But at the summit, a man named Rutledge (Starr) uses his connections at a contract company who'll be blustering security for the event, to weasel his way in. A few internet blackouts, door lock changes, and boom, twenty world leaders all trapped in a single location, guns to their heads. Only during the initial attack, the president and her secret service agent Manny (Ramón Rodríguez), along with a few others, manage to escape down a laundry chute. This really sets off Rutledge, who plans to record the hostages reading a list of words so that they can generate deepfakes, spewing nonsense about the economy to cripple it. Why the captives don't read it with a heavy accent or something, to help show that it's not real, is beyond the logic of the script and its four credited screenwriters.

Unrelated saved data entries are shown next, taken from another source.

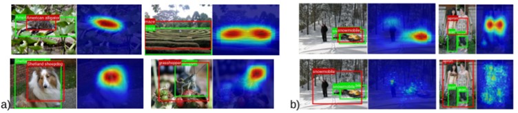a)는 GoogleNet-GAP에서의 localization 예시이고, b)는 GoogleNet-GAP와 기존 localization을 위한GoogleNet의 비교입니다. (위:GoogleNet-GAP, 아래: GoogleNet)
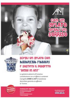 Al via anche quest’anno, a Bologna e provincia, “Con un gelato regali un sorriso”, la grande settimana del gelato organizzata in collaborazione con l’azienda bolognese Fabbri 1905 a sostegno della Fondazione ANT Onlus, che da oltre trent'anni garantisce assistenza socio-sanitaria domiciliare ai malati di tumore.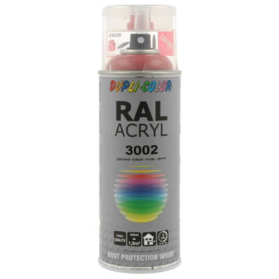 Ακρυλικό σπρέι βαφής κόκκινο γυαλιστερό/RAL 3002 Dupli Color, υψηλής ποιότητας. Ιδανικό για βάψιμο και προστασία μεταλλικών επιφανειών όπως μηχανών και μεταλλικών τμημάτων οχημάτων. Κατάλληλο για βάψιμο ξύλινων, μπαμπού ή μεταλλικών επίπλων μέσα στο σπίτι ή στον κήπο. Χαρακτηριστικά: εξαιρετική πρόσφυση σε πλήθος υλικών, αντοχές σε καιρικές συνθήκες και ακτίνες UV, γυαλιστερό φινίρισμα.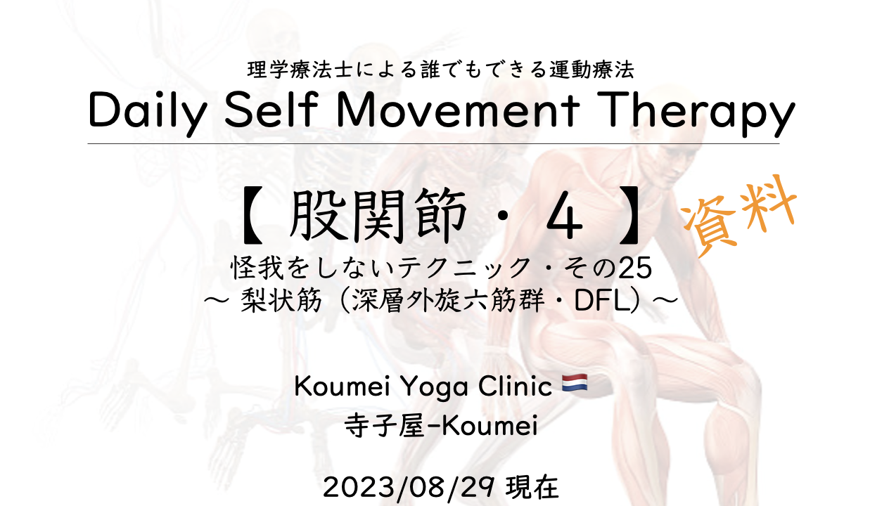 2023.08【 股関節4 〜 梨状筋 (DFL) 〜 】(2023.08.29現在)誰でもできる運動療法の解説-25 〜Road to the Movement Therapy 〜2023年8月29日 KYC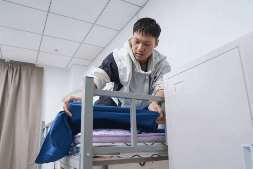2020级临床医学14班张浩说:“由衷感谢学校及临床医学院为我们提供舒适的住宿条件。这里有保安24小时恪尽职守,并配有刷脸门禁机器,让我们有了满满的安全感;免费的热水、洗衣机、空调和自习室等公共设施为学生提供了便利;床铺宽敞整洁、床垫柔软舒适,给学生们带来了良好的睡眠体验。相信在这里,我们会度过一段充实且有意义的新生活!我们会好好学习,拼搏奋斗,努力成长为一名合格的医生,同时也祝愿学校越来越好!”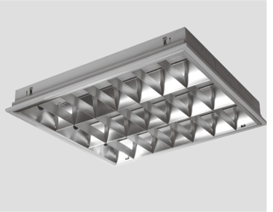 T8格栅灯盘采用面阳极氧化铝反光罩,无眩光,采用抛物型配光曲线,灯座采用切入旋转式灯座,安全可靠;紧密型接触底盘 采用斜底型设计,适用于各种不同结构的天花龙骨安装,表面采 用喷塑工艺处理,防腐性好,不易褪色;它集优秀的配光、低能 耗,光线控制于一体的灯具,能够达到水平的办公室照明要求。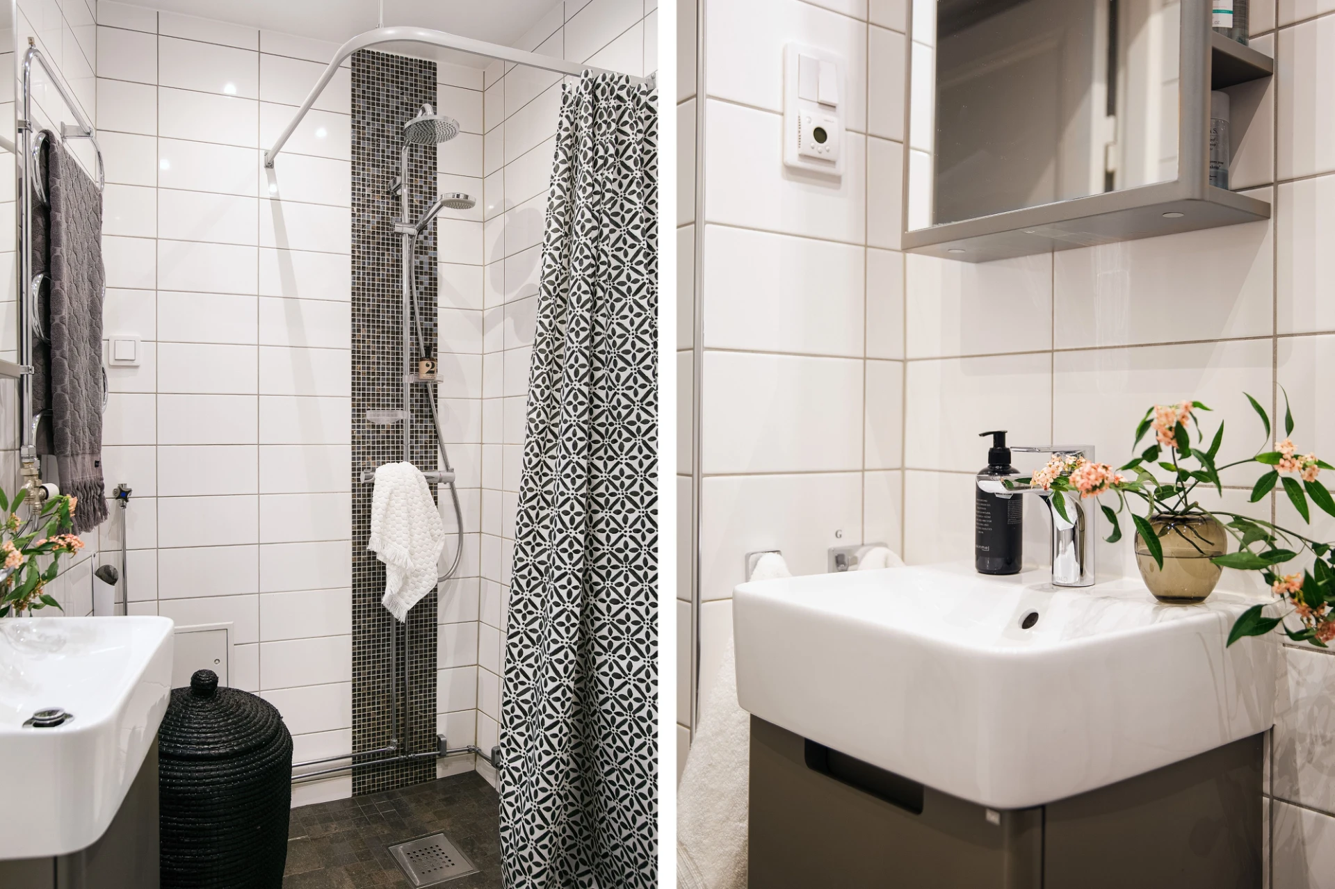 Klinkergolv med golvvärme och helkaklade väggar i vitt. Badrummet är utrustat med WC, handfat med kommod, spegelskåp, dusch, handdukstork samt förberett för tvättmaskin.

So yeah, it's another "Die Hard" clone, and you know, it's almost refreshing to see a big(ish)-budget one of these, but I do wish we didn't need to run the story through all the cliches at the script-factory: hero's loved-one captured? Numerous double-agents? Talky villain? False ending? Check, check, check and, *checks notes*, ah yes, check.

At least the action is convincing, thanks to the lean and effective direction by Patricia Riggen. I counted only two moments of obvious CGI, and one was a brief establishing shot of the Air Force One. I'd say it was a cute wink at the genre, but that would be to suggest this film had any real wit to it.

As someone who enjoys watching an aging Charles Bronson or Liam Neeson take down dudes half their age, Viola Davis is as convincing as any 59 year old could be. But the film goes out of its way to put her in situations that try and frame unbelievable actions as believably as possible. She seldom needs to fight more than one baddie on her own, and they always seem to happen where she can grab a frying pan, jammed gun, you name it. But even then, the movie can't commit to this notion: early on we see that Sutton has a bum knee, but it never comes up in the many fights she wins; I kept waiting for an enemy to exploit this, like John McClane and his lack of shoes, but it never happens.

"G20" is a B-movie with an A-cast, and Viola has the screen-presence and conviction to have a second-life as an action star. I just wish a star of her caliber had gotten offered a really good script, filled with originality instead of familiarity.